Listed records –
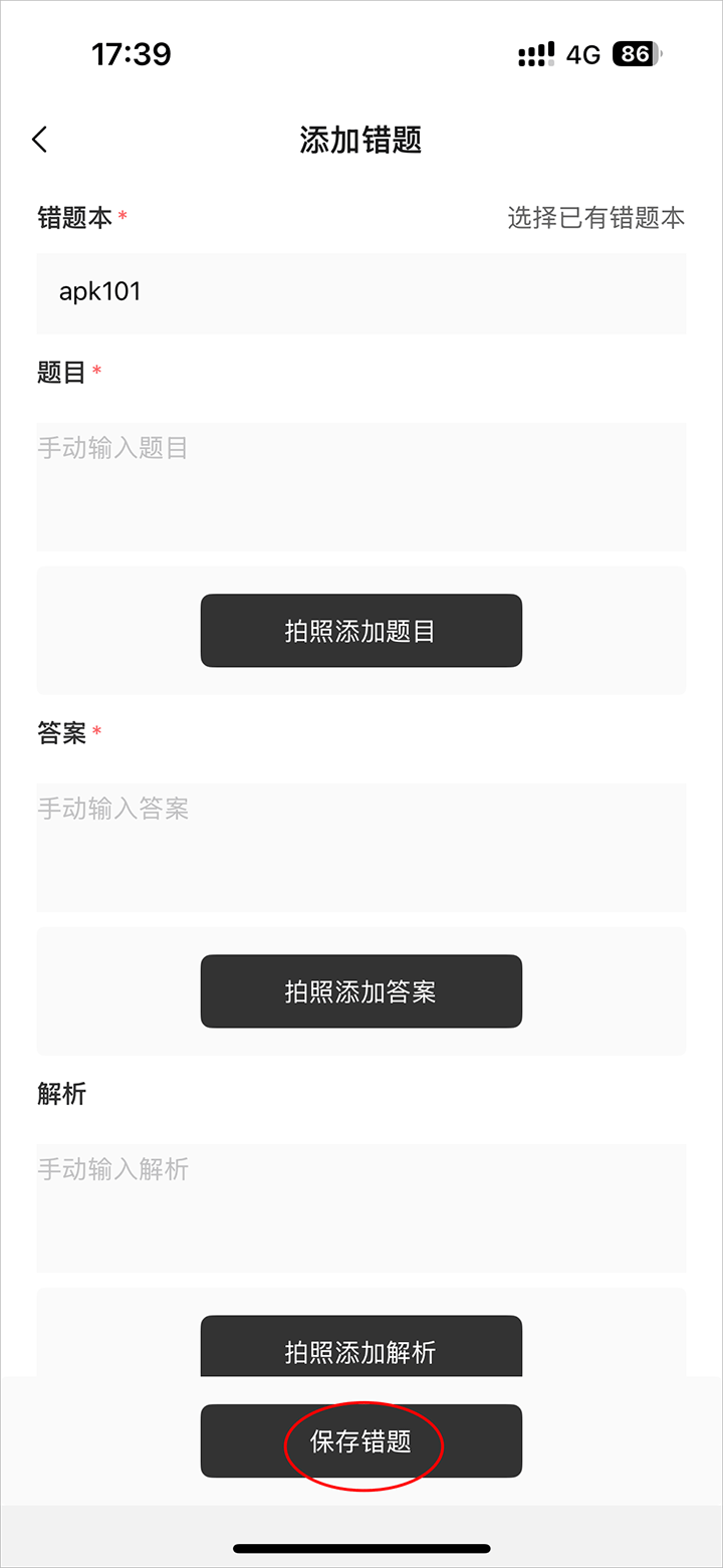 4、输入错题内容点击保存错题即可
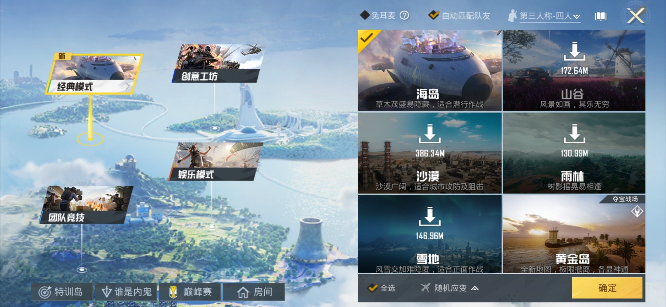 玩家若想进入黄金岛地图,需先打开和平精英的首页,接着点击左上角的游戏模式选项,在六个地图中找到位于右下角的黄金岛地图,完成下载并打开后,就能成功进入黄金岛了。
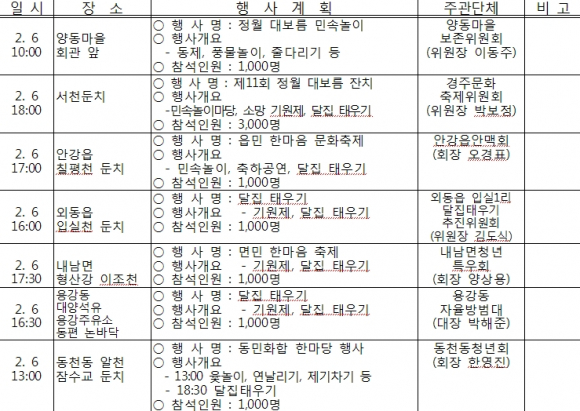 경주시는 양동마을 정월대보름 민속놀이 행사를 마련하고, 새해 안녕을 기원하는 행사를 마련해 시민들과 관광객들의 발걸음을 사로잡을 예정이다.
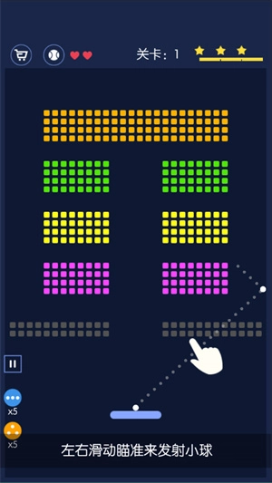 1、按照提示左右滑动进行瞄准,以此来发射小球
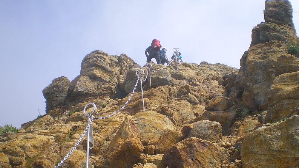 休んでから頂上までは、15分くらいだった。岩をつかんで登るような場所があり、急斜面でロープが出てくるところもあったが、この時だけはハチが飛んでこなかったのは幸いした。9時15分、小丸山から2時間、麓から3時間以上かかって、ようやく赤薙山頂上に到着した。
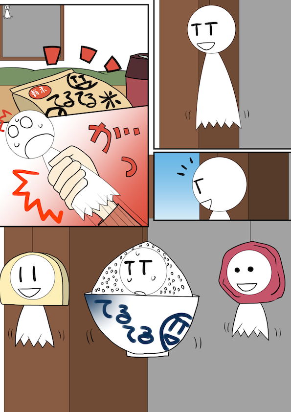 新米の季節なので、てるてるぼうずを新米ご飯に改造です!
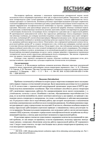 5. Горелик Г. Б. Проблема обменных колебаний электрической мощности при параллельной работе дизель-генераторов на долевых нагрузках с точки зрения экономики и надежности / Г. Б. Горелик // Актуальные проблемы создания и эксплуатации комбинированных двигателей внутреннего сгорания: материалы международной конференции «Двигатели 2002». - Вып. 2. - Хабаровск: Изд-во Хабар. гос. техн. ун-та, 2002. - С. 162-166.
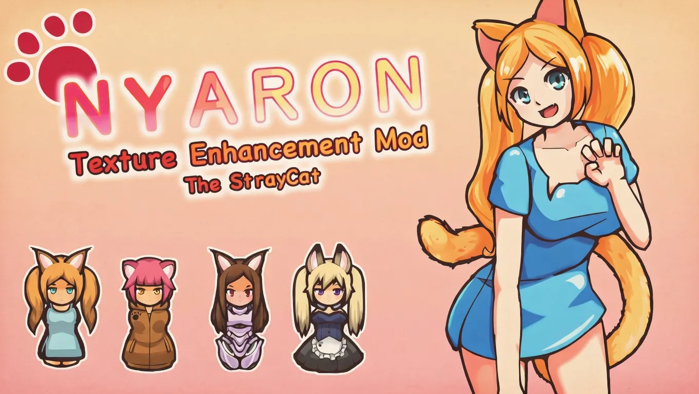 This mod enhances all Nyaron-related textures with crisp, detailed 512x512 artwork while perfectly preserving the original cute catgirl aesthetic and color scheme.
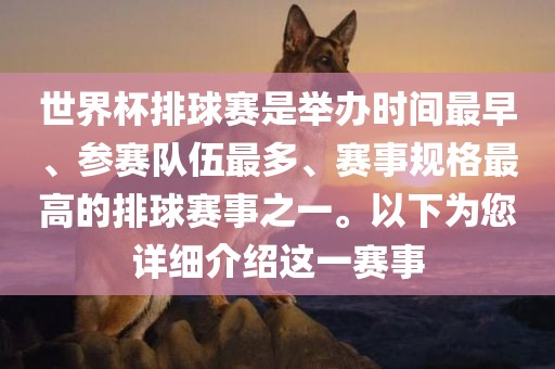 摘要:世界杯排球赛是一项历史悠久、规模盛大的排球赛事,具有最早举办时间、最多参赛队伍和最高赛事规格。该赛事吸引了全球最优秀的排球队伍参加,是展示排球运动最高水平的舞台。
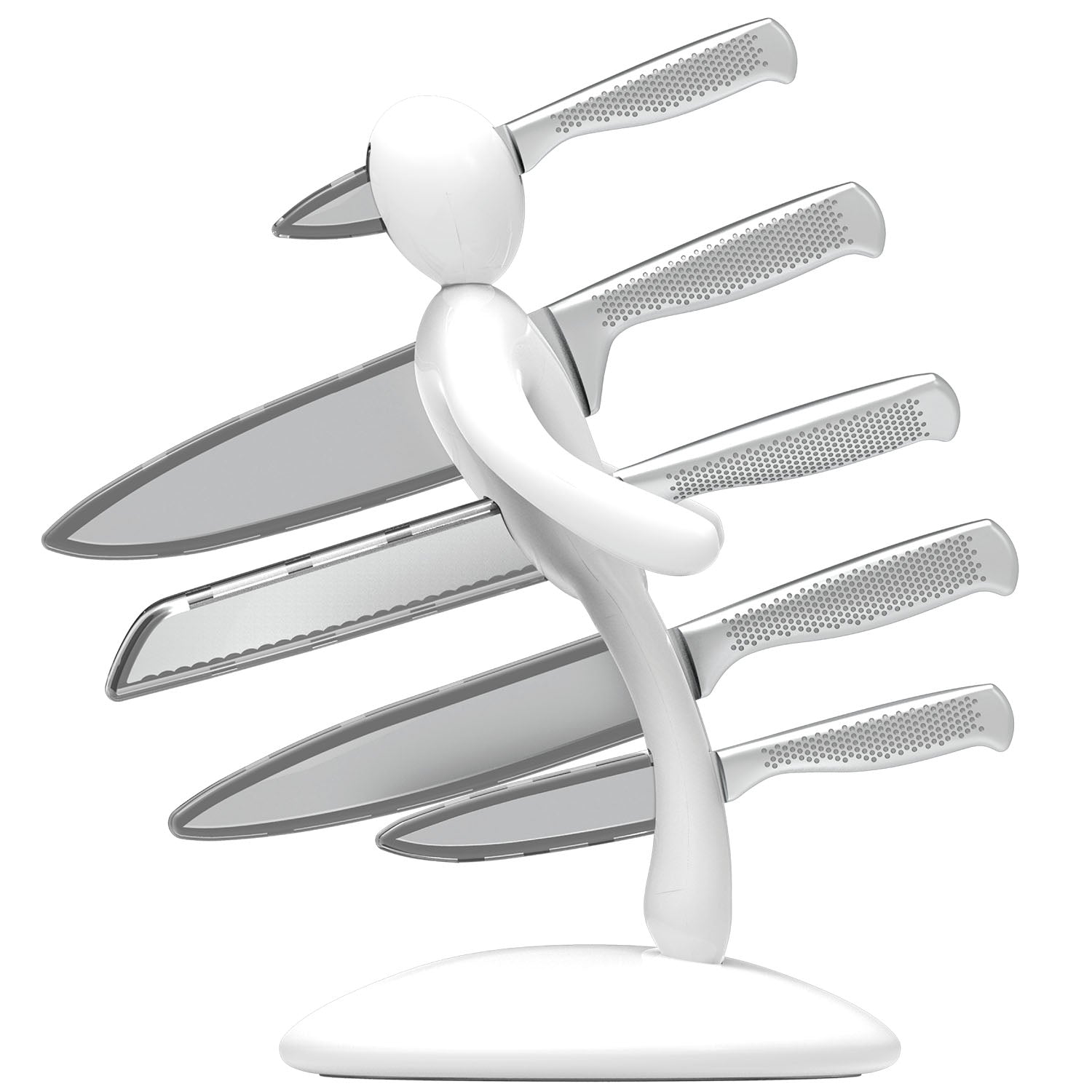 Voodoo/TheEx "Classic Edition" | Set di 5 coltelli in acciaio inox con Supporto in plastica bianca
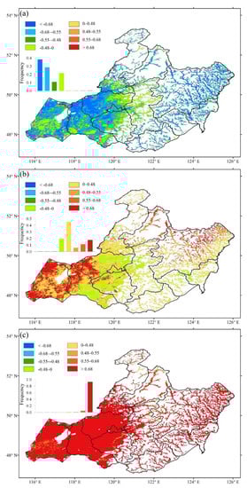 The trend for precipitation (Figure 11b) in 93.6% of the pixels ranged from −3 to 1 mm year–1. Of these pixels, 16.4% showed a significant trend for reduced precipitation (p < 0.05), of which 74% were distributed in the eastern temperate steppe and northeastern lowland meadow.

Work required – Only the pictures are to be omitted; the records above must otherwise be reproduced exactly.

Finished task –
 4、输入错题内容点击保存错题即可
 玩家若想进入黄金岛地图,需先打开和平精英的首页,接着点击左上角的游戏模式选项,在六个地图中找到位于右下角的黄金岛地图,完成下载并打开后,就能成功进入黄金岛了。
 경주시는 양동마을 정월대보름 민속놀이 행사를 마련하고, 새해 안녕을 기원하는 행사를 마련해 시민들과 관광객들의 발걸음을 사로잡을 예정이다.
 1、按照提示左右滑动进行瞄准,以此来发射小球
 休んでから頂上までは、15分くらいだった。岩をつかんで登るような場所があり、急斜面でロープが出てくるところもあったが、この時だけはハチが飛んでこなかったのは幸いした。9時15分、小丸山から2時間、麓から3時間以上かかって、ようやく赤薙山頂上に到着した。
 新米の季節なので、てるてるぼうずを新米ご飯に改造です!
 5. Горелик Г. Б. Проблема обменных колебаний электрической мощности при параллельной работе дизель-генераторов на долевых нагрузках с точки зрения экономики и надежности / Г. Б. Горелик // Актуальные проблемы создания и эксплуатации комбинированных двигателей внутреннего сгорания: материалы международной конференции «Двигатели 2002». - Вып. 2. - Хабаровск: Изд-во Хабар. гос. техн. ун-та, 2002. - С. 162-166.
 This mod enhances all Nyaron-related textures with crisp, detailed 512x512 artwork while perfectly preserving the original cute catgirl aesthetic and color scheme.
 摘要:世界杯排球赛是一项历史悠久、规模盛大的排球赛事,具有最早举办时间、最多参赛队伍和最高赛事规格。该赛事吸引了全球最优秀的排球队伍参加,是展示排球运动最高水平的舞台。
 Voodoo/TheEx "Classic Edition" | Set di 5 coltelli in acciaio inox con Supporto in plastica bianca
 The trend for precipitation (Figure 11b) in 93.6% of the pixels ranged from −3 to 1 mm year–1. Of these pixels, 16.4% showed a significant trend for reduced precipitation (p < 0.05), of which 74% were distributed in the eastern temperate steppe and northeastern lowland meadow.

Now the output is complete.